# Exercise prompt
Every line from the first one in the data below through the line holding "Add some thrill" is to be written out exactly, with the pictures omitted.

####

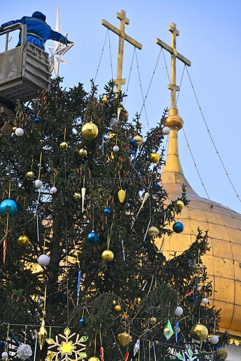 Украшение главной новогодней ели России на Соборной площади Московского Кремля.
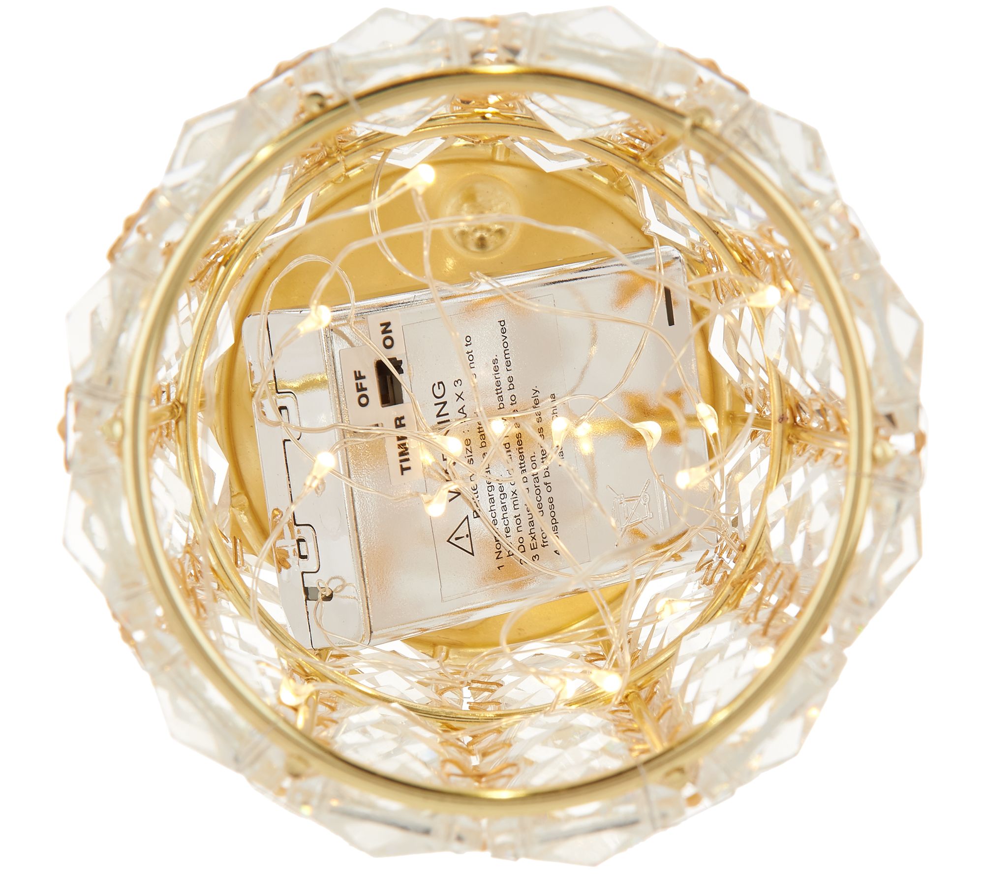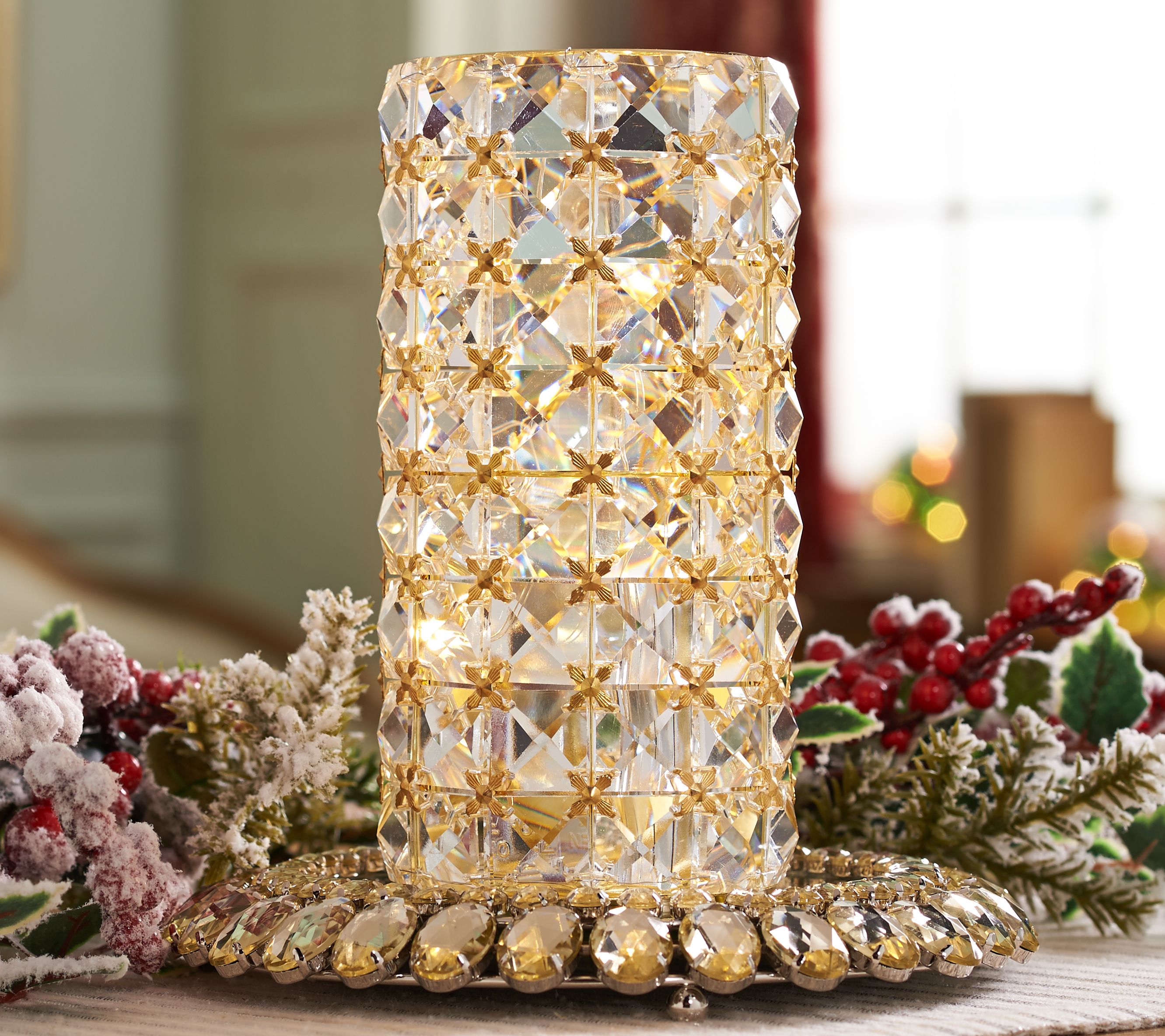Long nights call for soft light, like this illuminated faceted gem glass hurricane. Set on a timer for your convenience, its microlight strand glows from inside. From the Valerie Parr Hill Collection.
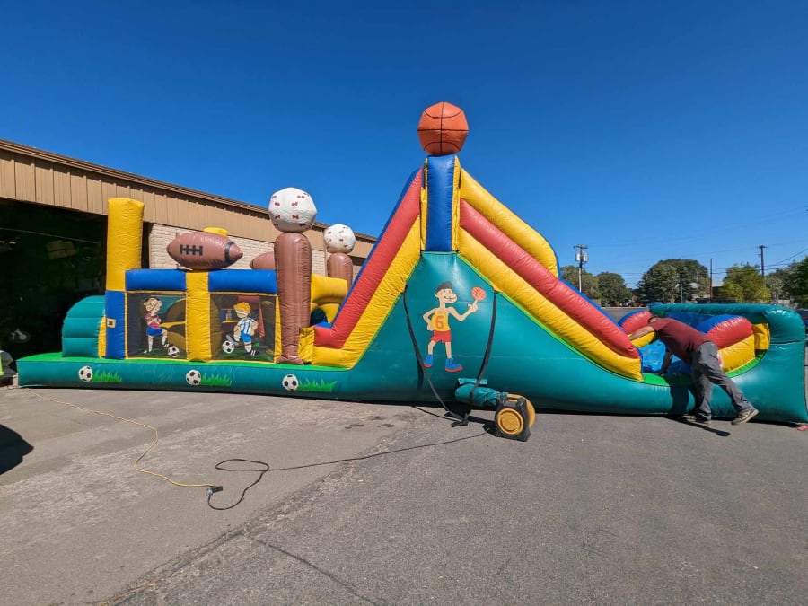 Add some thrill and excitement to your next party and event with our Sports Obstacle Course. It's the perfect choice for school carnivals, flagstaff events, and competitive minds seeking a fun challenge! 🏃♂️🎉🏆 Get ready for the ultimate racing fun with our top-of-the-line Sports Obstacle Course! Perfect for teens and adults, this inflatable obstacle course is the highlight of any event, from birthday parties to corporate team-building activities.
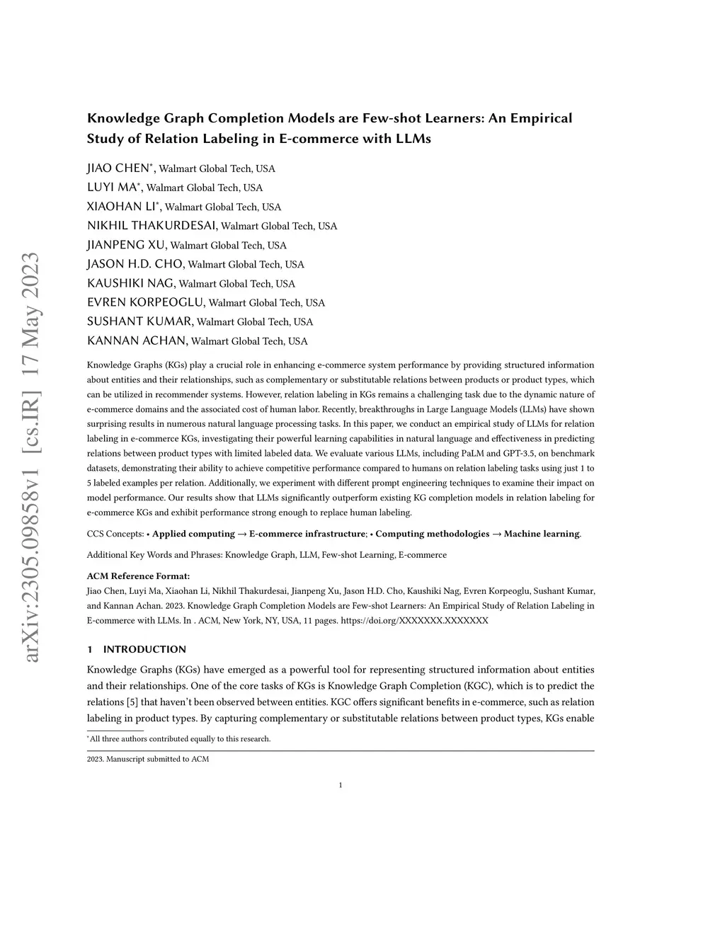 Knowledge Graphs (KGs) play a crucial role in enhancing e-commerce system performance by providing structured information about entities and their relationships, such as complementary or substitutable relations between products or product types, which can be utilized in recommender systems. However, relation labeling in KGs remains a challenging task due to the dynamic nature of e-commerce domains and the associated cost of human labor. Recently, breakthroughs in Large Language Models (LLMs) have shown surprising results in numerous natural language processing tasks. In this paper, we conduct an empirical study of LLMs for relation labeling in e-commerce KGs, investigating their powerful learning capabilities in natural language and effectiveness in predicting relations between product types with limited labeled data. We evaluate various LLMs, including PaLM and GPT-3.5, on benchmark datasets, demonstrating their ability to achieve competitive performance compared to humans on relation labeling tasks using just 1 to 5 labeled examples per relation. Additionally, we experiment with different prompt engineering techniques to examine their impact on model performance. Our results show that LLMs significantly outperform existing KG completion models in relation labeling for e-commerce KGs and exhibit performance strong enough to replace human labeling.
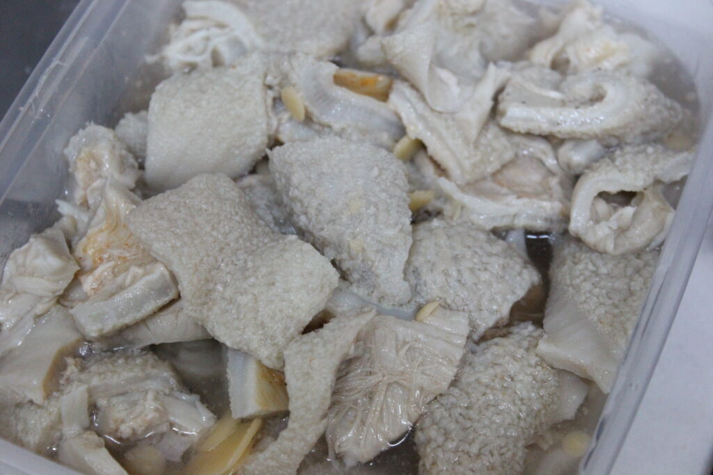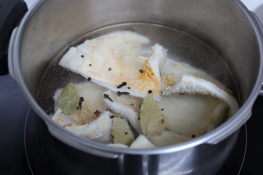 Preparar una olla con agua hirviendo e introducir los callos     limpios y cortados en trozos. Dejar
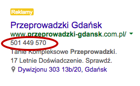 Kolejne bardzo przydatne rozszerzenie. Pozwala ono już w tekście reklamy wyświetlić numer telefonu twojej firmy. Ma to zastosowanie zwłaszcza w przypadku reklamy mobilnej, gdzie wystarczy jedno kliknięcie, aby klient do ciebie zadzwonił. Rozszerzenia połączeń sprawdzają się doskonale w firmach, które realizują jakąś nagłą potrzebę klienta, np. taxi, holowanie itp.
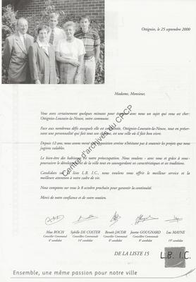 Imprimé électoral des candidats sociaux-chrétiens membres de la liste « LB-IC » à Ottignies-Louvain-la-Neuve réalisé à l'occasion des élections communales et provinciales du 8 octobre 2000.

####

# Problem solution
 Украшение главной новогодней ели России на Соборной площади Московского Кремля.
Long nights call for soft light, like this illuminated faceted gem glass hurricane. Set on a timer for your convenience, its microlight strand glows from inside. From the Valerie Parr Hill Collection.
 Add some thrill and excitement to your next party and event with our Sports Obstacle Course. It's the perfect choice for school carnivals, flagstaff events, and competitive minds seeking a fun challenge! 🏃♂️🎉🏆 Get ready for the ultimate racing fun with our top-of-the-line Sports Obstacle Course! Perfect for teens and adults, this inflatable obstacle course is the highlight of any event, from birthday parties to corporate team-building activities.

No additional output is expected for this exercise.